L’outil produit sous forme d’une affiche a été bien accueilli par les services où la collaboration est en train de se mettre en place mais que le budget ou les tâches ne sont pas assez bien réparties. Cette affiche a été décrite comme résumant bien les enjeux de la collaboration et 2 des ingénieurs interrogés l’avaient déjà imprimée lors des entretiens et comptaient l’afficher et la transmettre à leurs collègues de l’informatique. Le schéma simplifié d’une cyberattaque avec des exemples d’erreurs et de solutions semble être la partie de l’affiche qui a le plus répondu aux attentes des ingénieurs biomédicaux. En effet, ils estimaient que ce schéma était très complet et résumait parfaitement les besoins et les problèmes.
III.4. Assurer la sécurité autour des équipements biomédicaux
Selon les retours du terrain, le service informatique semble davantage impliqué dans des initiatives de sensibilisation par rapport au service biomédical, même si ce dernier est responsable de l'utilisation appropriée des DM et de la sécurité autour des équipements biomédicaux [31]. Les deux services préconisent cependant d'éviter l'utilisation des clés USB sur les DM, mais les entretiens indiquent qu'il existe peu de solutions de remplacement viables. Ce problème constitue une préoccupation majeure, et une sensibilisation accrue pourrait en effet contribuer à trouver des solutions alternatives.

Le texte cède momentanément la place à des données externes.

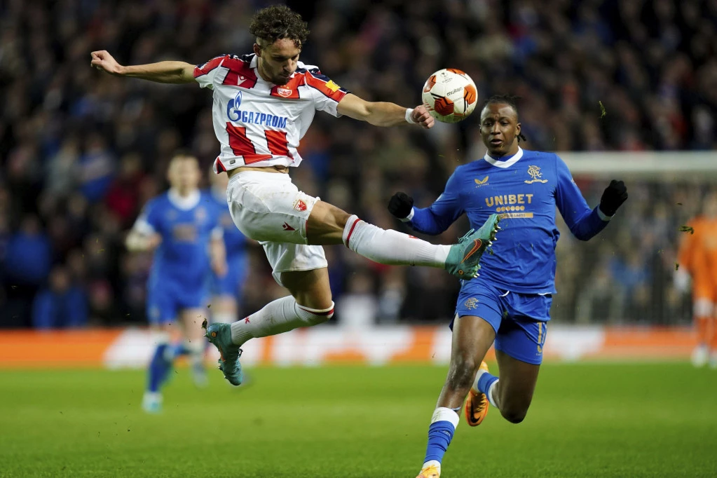Fudbaleri Crvene zvezde poraženi su od Rendžersa na "Ajbroksu" rezultatom 3:0 u prvom meču osmine finala Lige Evrope.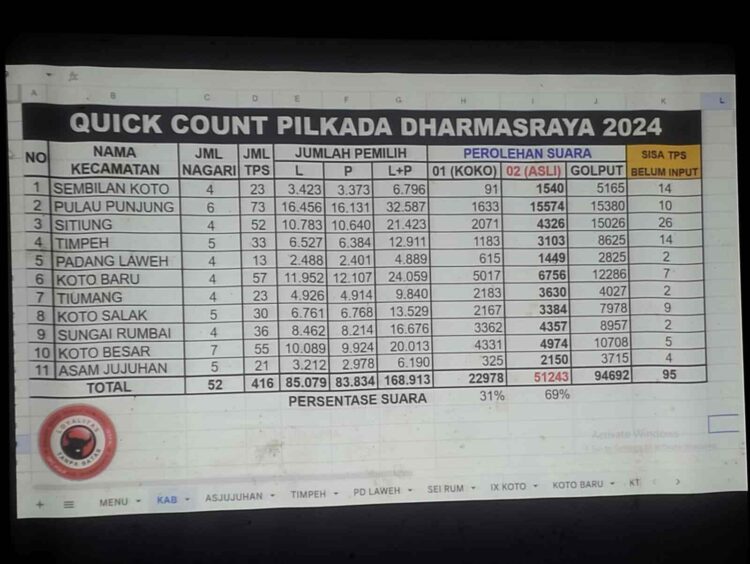 Meski penghitungan suara di TPS se-Kabupaten Dharmasraya belum tuntas, namun hasil hitungan cepat kemenangan nomor urut 2 tersebut mencapai 69 persen. Hingga berita ini ditayangkan, TPS yang belum tuntas penghitungan suara ada sekitar 95 TPS.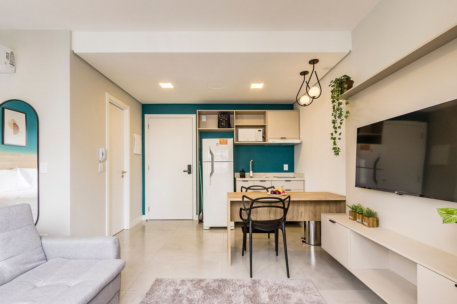 Apartamento mobiliado e pronto para morar, se hospedar ou trabalhar em home office no Mood Central Parque, um prédio localizado no bairro planejado Central Parque, próximo à Avenida Ipiranga.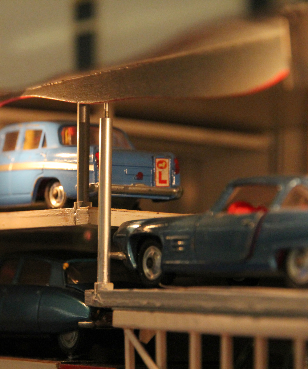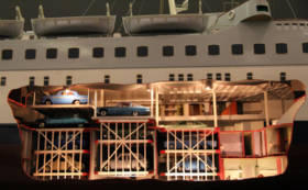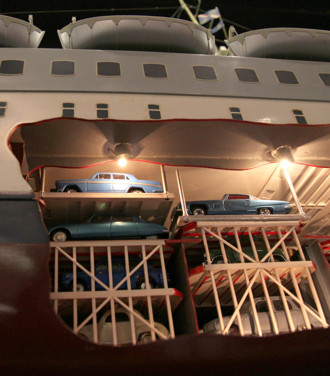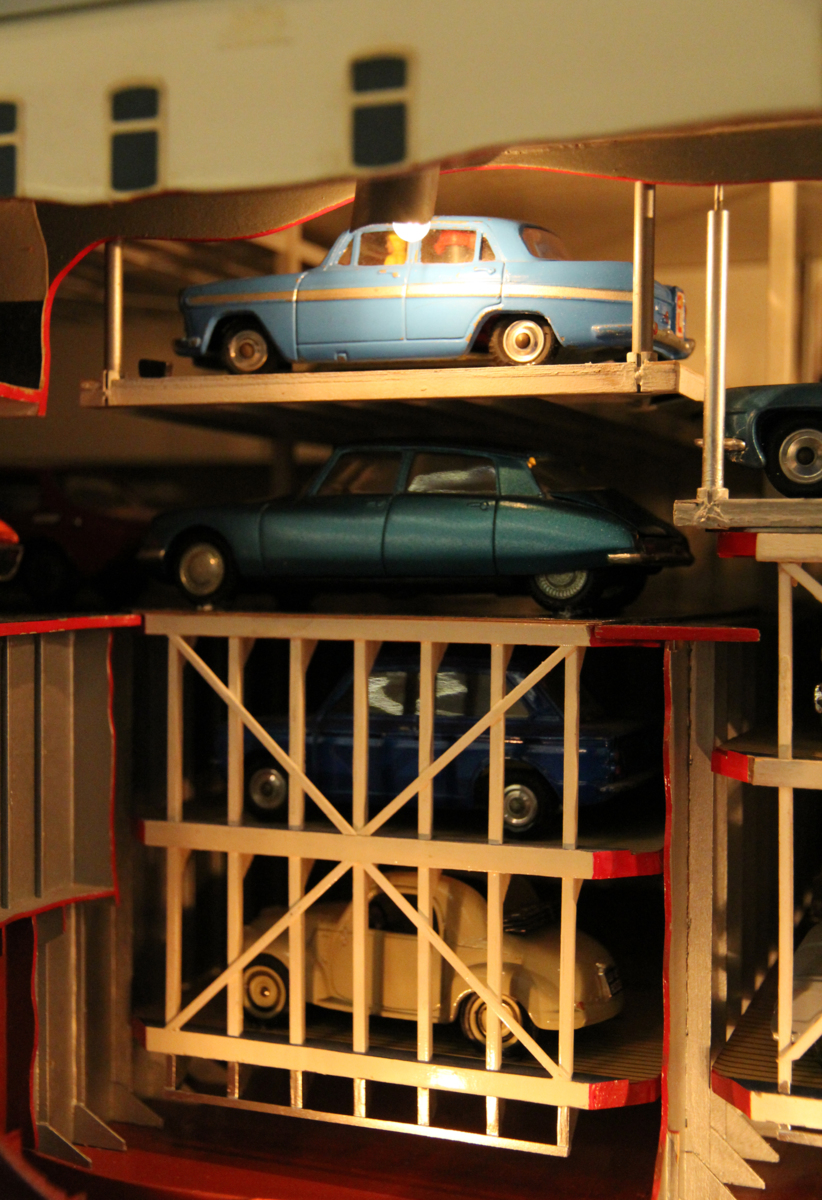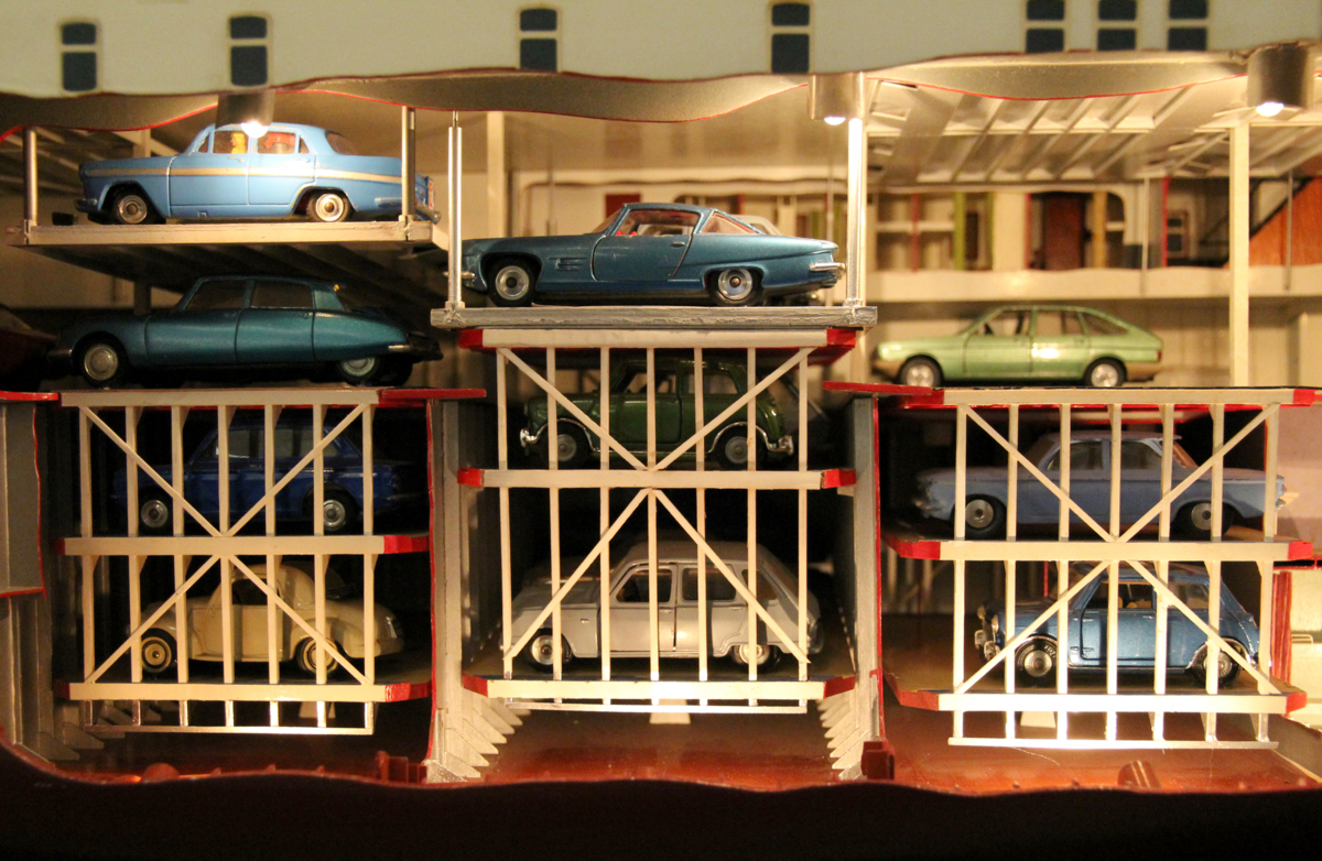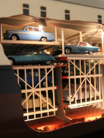 Modellen är uppskuren i sidan så man ser bilhiss arrangemang och inredning.

Les questionnaires adressés aux professionnels biomédicaux et de santé révèlent que la problématique des périphériques USB fait l'objet de moins de sensibilisation que les dangers liés aux courriels. Par exemple, il est fréquent que des médecins utilisent des disques durs personnels dans les blocs opératoires pour présenter des images lors de congrès ou les étudier en dehors de l'établissement. Un autre exemple concerne l'utilisation d'une clé USB par un ingénieur d'application sur un échographe neuf pour configurer différentes options. Il est évident que les services informatiques et biomédicaux ont des limites quant à leur capacité à contrôler toutes les pratiques et à bloquer toutes les menaces.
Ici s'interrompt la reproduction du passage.